Women’s participation in the workforce globally has remained stagnant for the past 25 years, and the pandemic threatens to set back the world to pre-1995 levels of gender inequality, a new United Nations report concludes.
Titled World’s Women: Trends and Statistics, and published last week by the UN Department of Economic and Social Affairs (DESA), the report found that women’s participation in the labor market “has barely changed over the last quarter of a century,” with the primary reasons for the stagnation being family responsibilities and unequal distribution of unpaid domestic and care work.

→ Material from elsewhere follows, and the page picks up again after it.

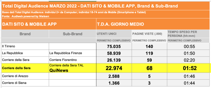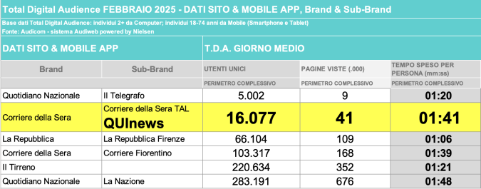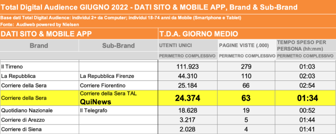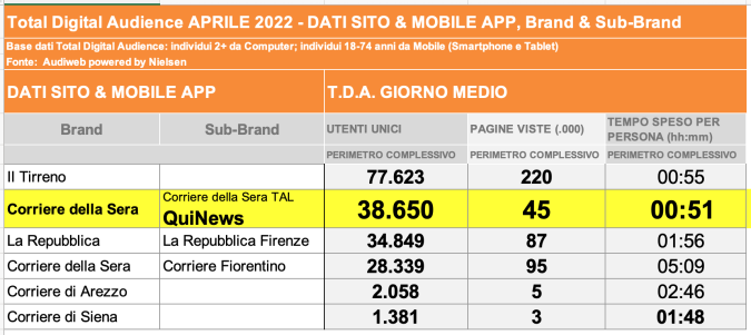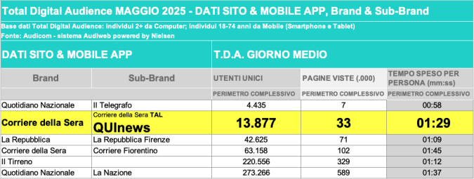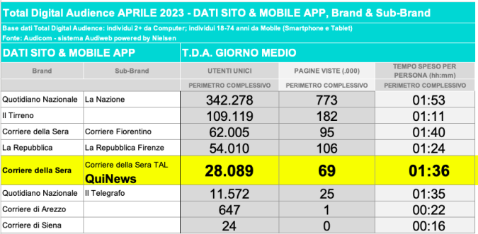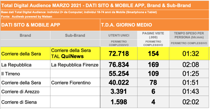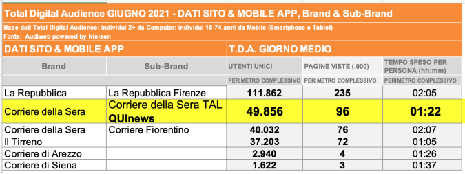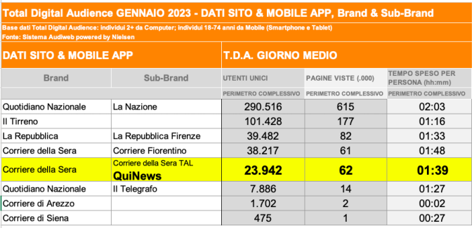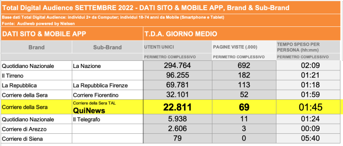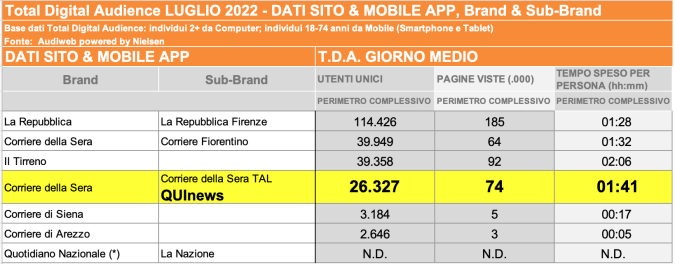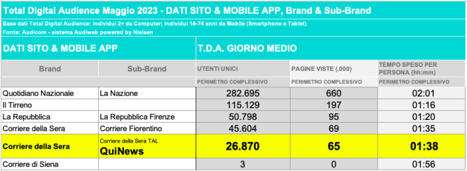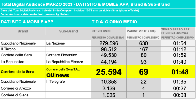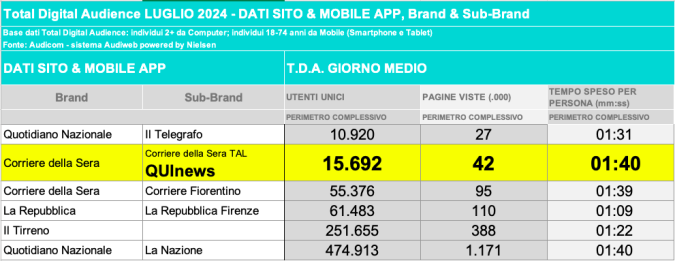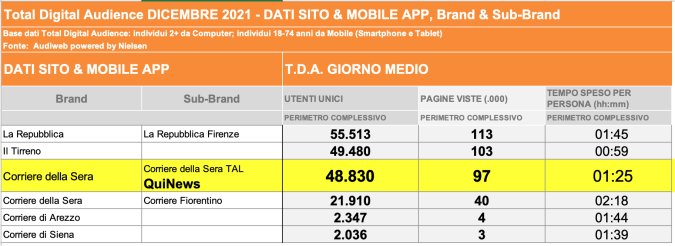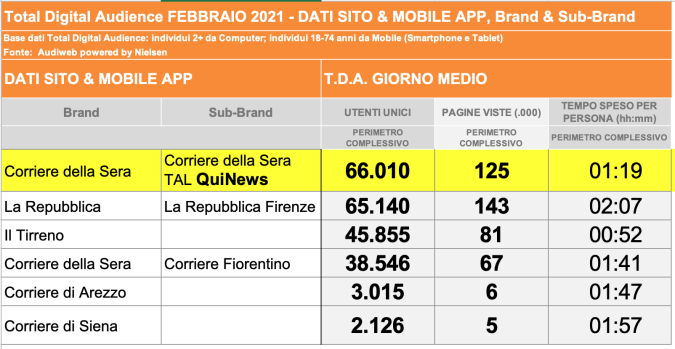 I DATI AUDIWEB DEL MESE DI NOVEMBRE 2020 NON SONO PRESENTI PER ADEGUAMENTO TECNICO DELLA RILEVAZIONE DEL NETWORK QUINEWS COME SUB BRAND DEL CORRIERE DELLA SERA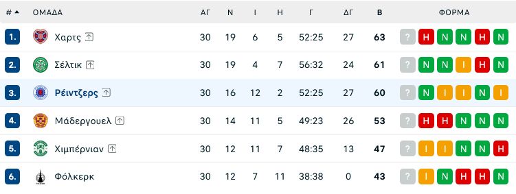 Η βαθμολογία στο πρωτάθλημα Σκωτίας

Among women who do work in the formal labor force, the unequal distribution of power and decision-making roles between women and men remains unchanged. Women held only 28% of managerial positions worldwide in 2019 — another proportion that hasn’t improved since 1995, the report stated. At present, only 18% of companies had a female CEO, and only 7.4% of CEOs in Fortune 500 companies were women — globally. In politics, too, despite women’s participation rising in the last decade, representation hasn’t crossed the threshold of 25%.
The pandemic is worsening the situation. As predicted by economists earlier this year, job losses have disproportionately hit women. Mothers have had one-third the amount of uninterrupted at-home working time as fathers amid pandemic lockdowns, according to a U.K. study. The gender stereotypes behind this disparity have left such a strain on women that many, reportedly everywhere, have at least considered quitting their paid work. And economists worry this reinforcement of traditional gender roles could hamper women’s return to the workforce when the global economy starts to recover.